===== DATA EXTRACTS =====

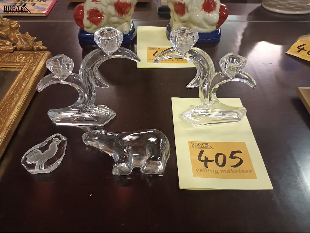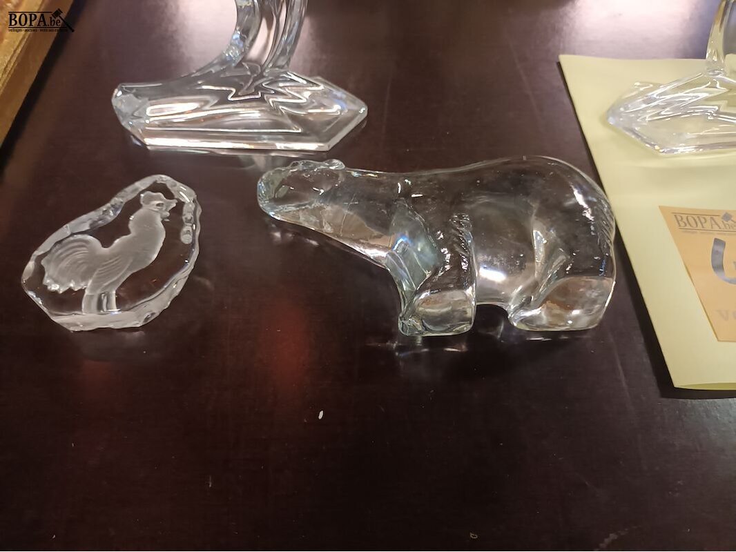 Kristal. 4 stuks. 2 kandelaars, haan en ijsbeer.
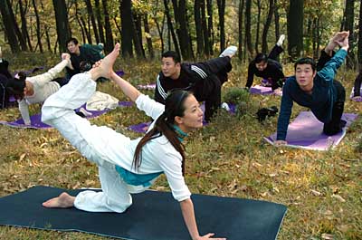 日前,“百人戶外瑜伽體驗”活動在濟南藥鄉(xiāng)國家森林公園舉行。約百名瑜伽愛好者在專業(yè)老師的帶領(lǐng)下練習(xí)瑜伽,在美麗的大自然中舒緩疲勞,陶冶身心。
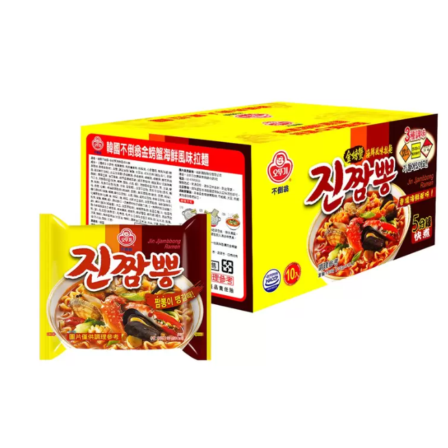 成分 【麵條】小麥粉,醋酸澱粉,馬鈴薯澱粉,棕櫚油,小麥麵筋,蝦風味醬(蝦萃取物,酵母萃取物),食鹽,調製油脂[寡醣,大豆油,抗氧化劑(維生素E),卵磷脂,脂肪酸甘油酯],品質改良劑(多磷酸鈉,多磷酸鉀,碳酸鈉,碳酸鉀,酸性焦磷酸鈉),關華豆膠,海藻酸鈉,羧甲基纖維素鈉,綠茶萃取物,維生素B2 【調味醬包】水,海鮮風味醬(魷魚,糊精,甜椒,大蒜,蝦),海鮮風味醬(魷魚,蟹,淡菜,鯷魚,鱈魚), 魷魚萃取物(魷魚,水飴,葡萄糖),淡菜萃取物,昆布萃取物(昆布,糊精,食鹽,牡蠣),柄海鞘萃取物(柄海鞘,食鹽), 魷魚萃取物(魷魚,食鹽,糊精),酵母調味料(食鹽,糊精,酵母萃取物),大蒜,辣椒,雞肉萃取物,牛骨萃取物,洋蔥,牡蠣萃取物(牡蠣,糖,糊精),糖,糊精,水解大豆蛋白,淡菜萃取物,海鮮調味料(魷魚,食鹽,糊精,蝦),調味劑(5'-次黃嘌呤核苷磷酸二鈉,5'-鳥嘌呤核苷磷酸二鈉),醬料[豬油(韓國產),大豆,淡菜萃取物],辣椒萃取物,胺基乙酸,DL-胺基丙酸 【蔬菜包】乾白菜,乾高麗菜,乾魷魚,乾胡蘿蔔,乾魚板(鱈魚,馬鈴薯澱粉,蟹),乾海苔(裙帶菜),乾青蔥,乾毛木耳 【調味油】調味油(玄米油, 魷魚,洋蔥,辣椒),辣味風味油(大豆油,辣椒),調味油(玉米油,大蒜,洋蔥,甜椒),調味油(芥花油,甜椒,洋蔥)
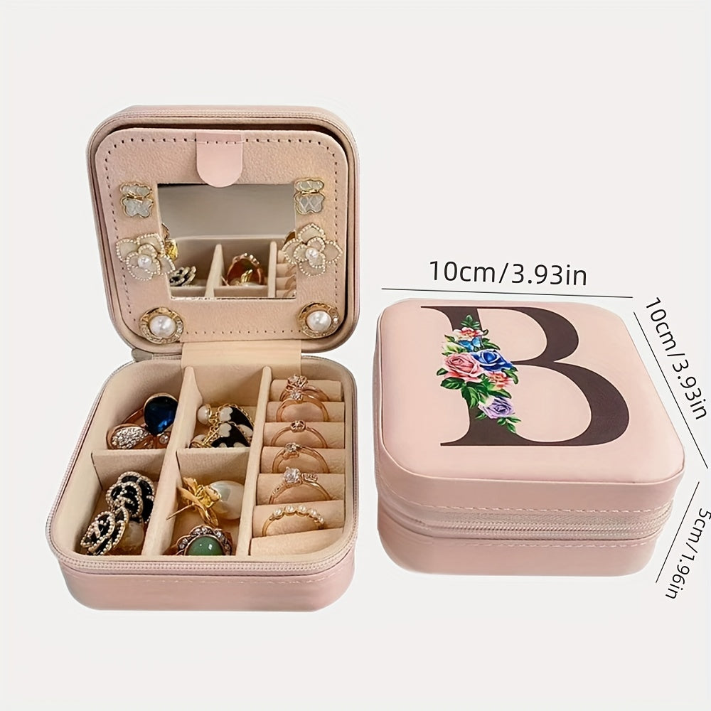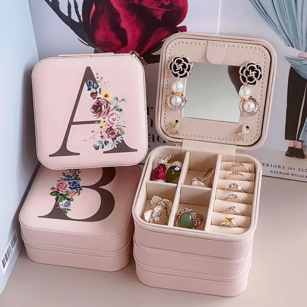 Keep your jewelry organized and secure with this portable zipper storage box featuring a mirror. Ideal for rings, necklaces, and studs.
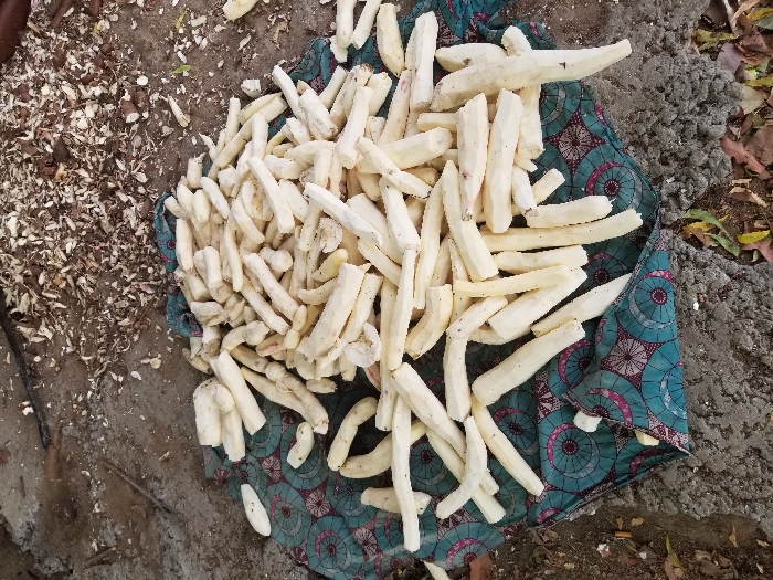 - "large pile of peeled, white cassava sticks lying on a teal and pink patterned cloth" by FM-ycer72, licensed under CC BY 4.0
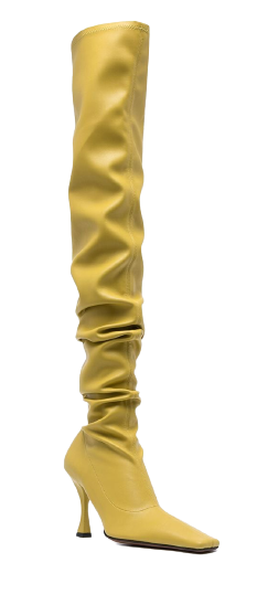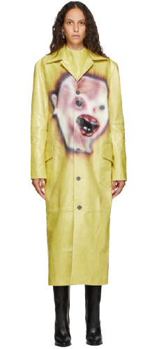 Aleali May showed us her last look of her week in Paris wearing a range of designers and styles. She went with a vintage Versace turquoise mini skirt with straps in a darker shade, and on top she wore a Mowalola yellow panelled grained leather coat with a multicolour graphic printed at the front. To match these, she wore a pair of shiny heeled boots by Sun Woo and bright green sunglasses.
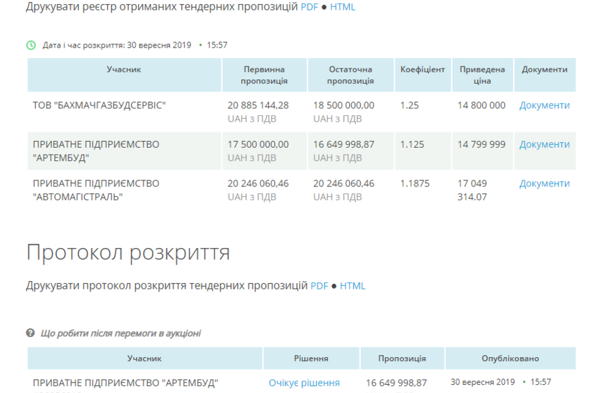 Про це йдеться в протоколі розкриття тендерних пропозицій від 30 вересня 2019, опублікованому на ресурсі ProZorro.

=====

**REQUIRED ACTION**: When you find the line that contains "Keep your jewelry", retype it and every line after it through the end of the data above, exactly, with no pictures.

**RESULT OF THIS EXERCISE**:
 Keep your jewelry organized and secure with this portable zipper storage box featuring a mirror. Ideal for rings, necklaces, and studs.
 - "large pile of peeled, white cassava sticks lying on a teal and pink patterned cloth" by FM-ycer72, licensed under CC BY 4.0
 Aleali May showed us her last look of her week in Paris wearing a range of designers and styles. She went with a vintage Versace turquoise mini skirt with straps in a darker shade, and on top she wore a Mowalola yellow panelled grained leather coat with a multicolour graphic printed at the front. To match these, she wore a pair of shiny heeled boots by Sun Woo and bright green sunglasses.
 Про це йдеться в протоколі розкриття тендерних пропозицій від 30 вересня 2019, опублікованому на ресурсі ProZorro.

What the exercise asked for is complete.